• **Instructions for the task**: Each entry below is to be returned exactly, with any pictures left out.

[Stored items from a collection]
>>

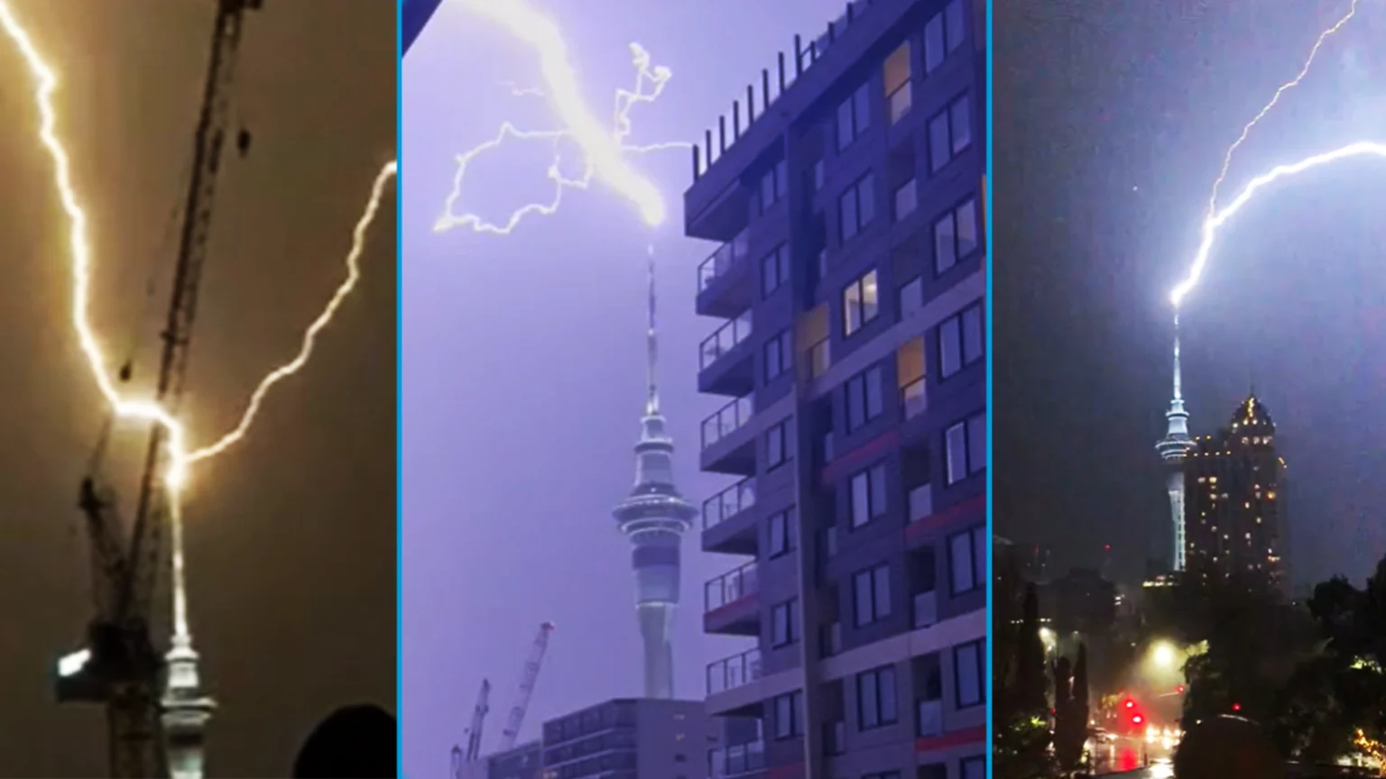Aucklanders share crazy footage of lightning striking the Sky Tower during storm
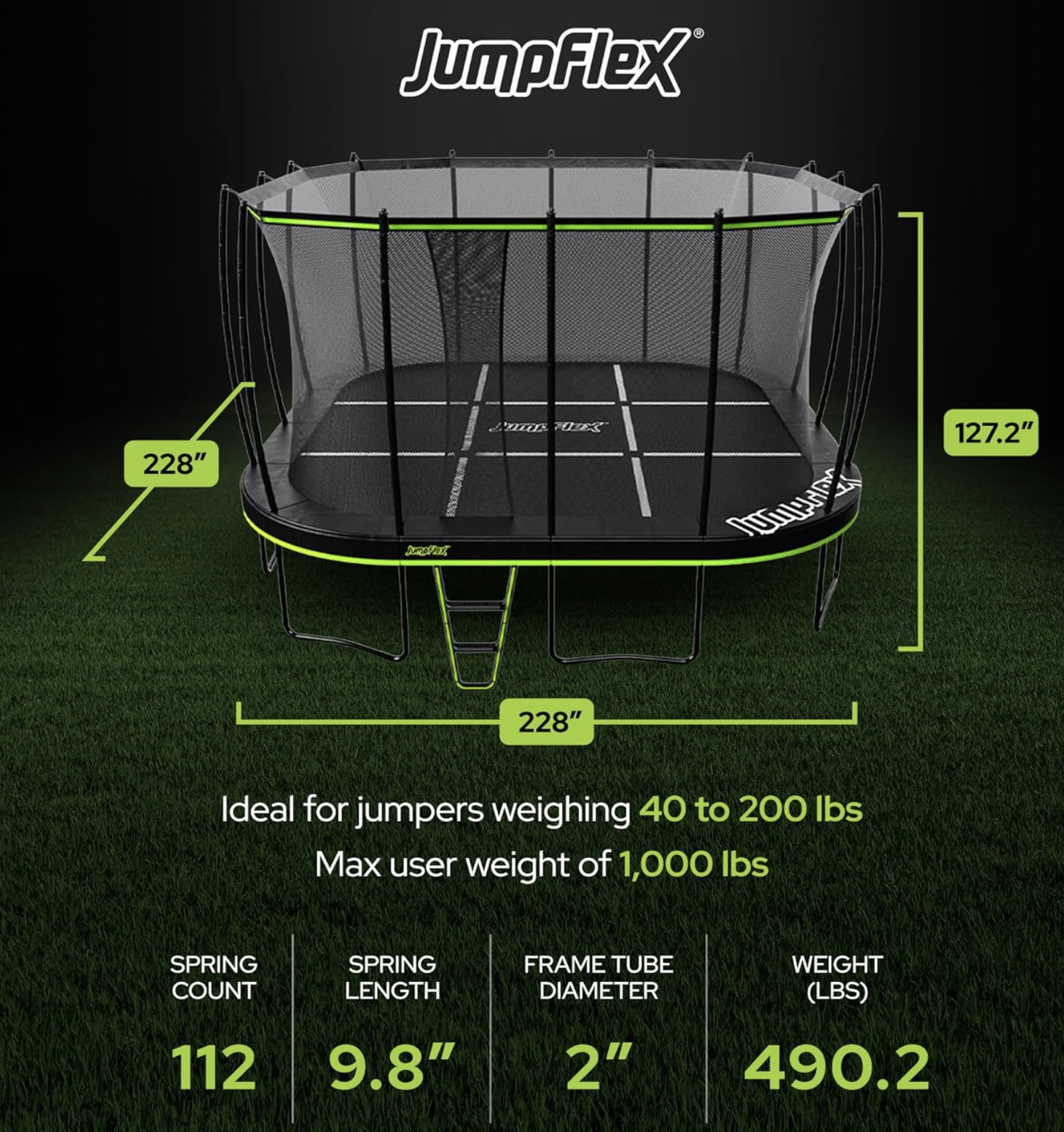 • Features: Massive 10×16’ jump area, 1,100 lb weight limit, premium enclosure, ultra-thick frame, ladder included
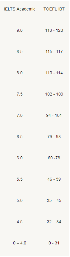 先前ETS发布的研究报告《Linking TOEFL iBT Scores to IETSScores: A Research Paper》,指明了TOEFL与IELTS在总分与单项上的分数对应关系。这份报告一共收集了1153份有效数据,通过对其分析,给出了这个转换表,供各位纠结于考托福、考雅思和参考各校录取信息要求的同学们作为参照。
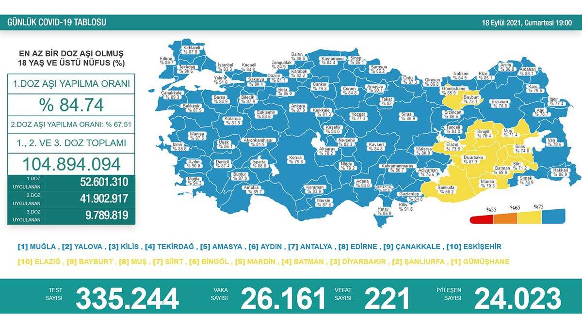 En yüksek aşılama oranına sahip iller; Muğla, Yalova, Kilis, Tekirdağ, Amasya, Aydın, Antalya, Edirne, Çanakkale ve Eskişehir olurken en düşük aşılama oranına sahip iller ise Elazığ, Bayburt, Muş, Siirt, Bingöl, Mardin, Batman, Diyarbakır, Şanlıurfa ve Gümüşhane oldu.
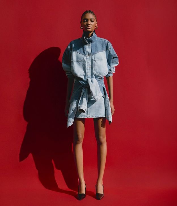 Saia confeccionada em algodão certificado BCI e boas práticas ambientais. Modelo mini com cintura média, cós com passantes e fechamento frontal por botão e zíper. Possui recortes contrastantes em dois tons de azul que valorizam a silhueta e entregam visual moderno e urbano para compor produções casuais.
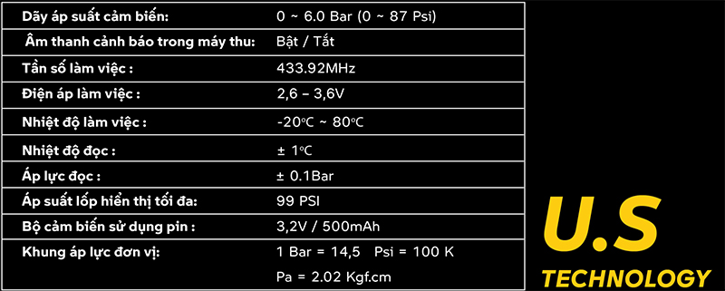 Thông số kỹ thuật : Cảm Biến Áp Suất Lốp Steel mate
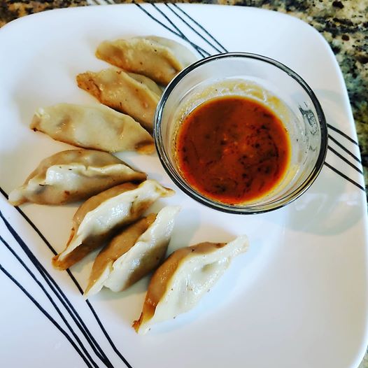 Pre-heat a large skilled over medium heat. Add vegetable oil to the pan; it should coat the bottom of the pan and be around 1/8" deep. Carefully place the dumplings in a single layer, flat side down. Carefully add in 1/2 cup water and cover immediately. Cook for 7-10 minutes or until the water has evaporated and the bottoms of the dumplings are golden brown. You will need to work in batches so repeat this process until all dumplings are cooked. While your last batch of dumplings cooks you can make your sauce.
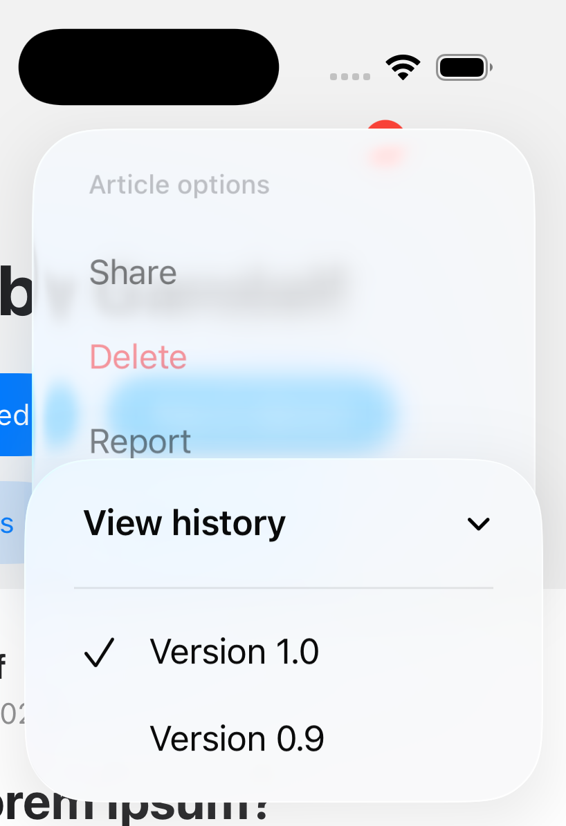 changesSelectionAsPrimaryAction: Whether the menu is a selection menu. Tapping an item in a selection menu will add a checkmark to the selected item. Defaults tofalse.menu: An object containing the menu items. It contains the following properties:title: Optional title to show on top of the menu.multiselectable: Whether multiple items in the menu can be selected (i.e. in "on" state). Defaults tofalse.layout: How the menu items are displayed. Supported values:default(default): menu items are displayed normally.palette: menu items are displayed in a horizontal row.
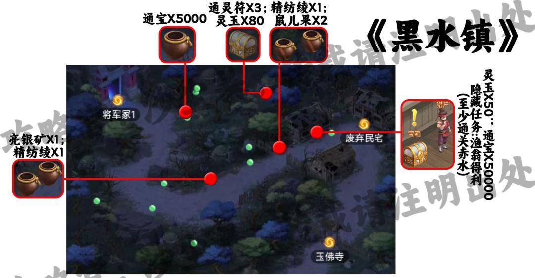黑水镇是战斗地图,隐藏的物品不多,但战斗地图的宝箱和罐子排布会有些乱,所以这里也将黑水镇的地图都展示出来,方便玩家们检查自己是否有漏掉的箱子罐子 1.黑水镇(乱葬岗) 2.将军冢一层 3.将军冢二层 3.将军冢三层+一笔画宝箱 4.赤水一层 5.赤水二层
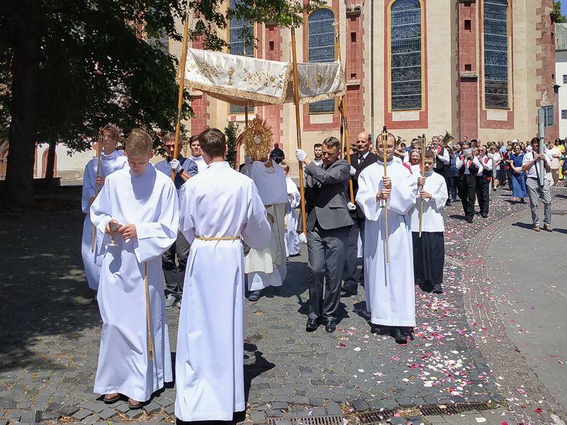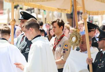 Eucharistická procesia viedla cez Námestie Štefana Moysesa, Námestie SNP až ku Katedrále sv. Františka Xaverského. Snímka: Jana Juneková
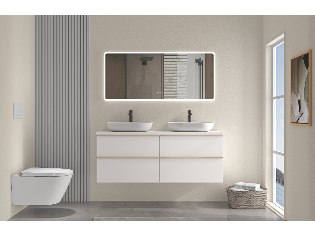 CERANO - Fürdőszobaszekrény mosdó alá Velora fogantyúval/mosdótetővel - 36 mm - matt fehér, arany fogantyú - 138x53x45,2 cm

<<

• **Response box**:
Aucklanders share crazy footage of lightning striking the Sky Tower during storm
 • Features: Massive 10×16’ jump area, 1,100 lb weight limit, premium enclosure, ultra-thick frame, ladder included
 先前ETS发布的研究报告《Linking TOEFL iBT Scores to IETSScores: A Research Paper》,指明了TOEFL与IELTS在总分与单项上的分数对应关系。这份报告一共收集了1153份有效数据,通过对其分析,给出了这个转换表,供各位纠结于考托福、考雅思和参考各校录取信息要求的同学们作为参照。
 En yüksek aşılama oranına sahip iller; Muğla, Yalova, Kilis, Tekirdağ, Amasya, Aydın, Antalya, Edirne, Çanakkale ve Eskişehir olurken en düşük aşılama oranına sahip iller ise Elazığ, Bayburt, Muş, Siirt, Bingöl, Mardin, Batman, Diyarbakır, Şanlıurfa ve Gümüşhane oldu.
 Saia confeccionada em algodão certificado BCI e boas práticas ambientais. Modelo mini com cintura média, cós com passantes e fechamento frontal por botão e zíper. Possui recortes contrastantes em dois tons de azul que valorizam a silhueta e entregam visual moderno e urbano para compor produções casuais.
 Thông số kỹ thuật : Cảm Biến Áp Suất Lốp Steel mate
 Pre-heat a large skilled over medium heat. Add vegetable oil to the pan; it should coat the bottom of the pan and be around 1/8" deep. Carefully place the dumplings in a single layer, flat side down. Carefully add in 1/2 cup water and cover immediately. Cook for 7-10 minutes or until the water has evaporated and the bottoms of the dumplings are golden brown. You will need to work in batches so repeat this process until all dumplings are cooked. While your last batch of dumplings cooks you can make your sauce.
 changesSelectionAsPrimaryAction: Whether the menu is a selection menu. Tapping an item in a selection menu will add a checkmark to the selected item. Defaults tofalse.menu: An object containing the menu items. It contains the following properties:title: Optional title to show on top of the menu.multiselectable: Whether multiple items in the menu can be selected (i.e. in "on" state). Defaults tofalse.layout: How the menu items are displayed. Supported values:default(default): menu items are displayed normally.palette: menu items are displayed in a horizontal row.
黑水镇是战斗地图,隐藏的物品不多,但战斗地图的宝箱和罐子排布会有些乱,所以这里也将黑水镇的地图都展示出来,方便玩家们检查自己是否有漏掉的箱子罐子 1.黑水镇(乱葬岗) 2.将军冢一层 3.将军冢二层 3.将军冢三层+一笔画宝箱 4.赤水一层 5.赤水二层
 Eucharistická procesia viedla cez Námestie Štefana Moysesa, Námestie SNP až ku Katedrále sv. Františka Xaverského. Snímka: Jana Juneková
 CERANO - Fürdőszobaszekrény mosdó alá Velora fogantyúval/mosdótetővel - 36 mm - matt fehér, arany fogantyú - 138x53x45,2 cm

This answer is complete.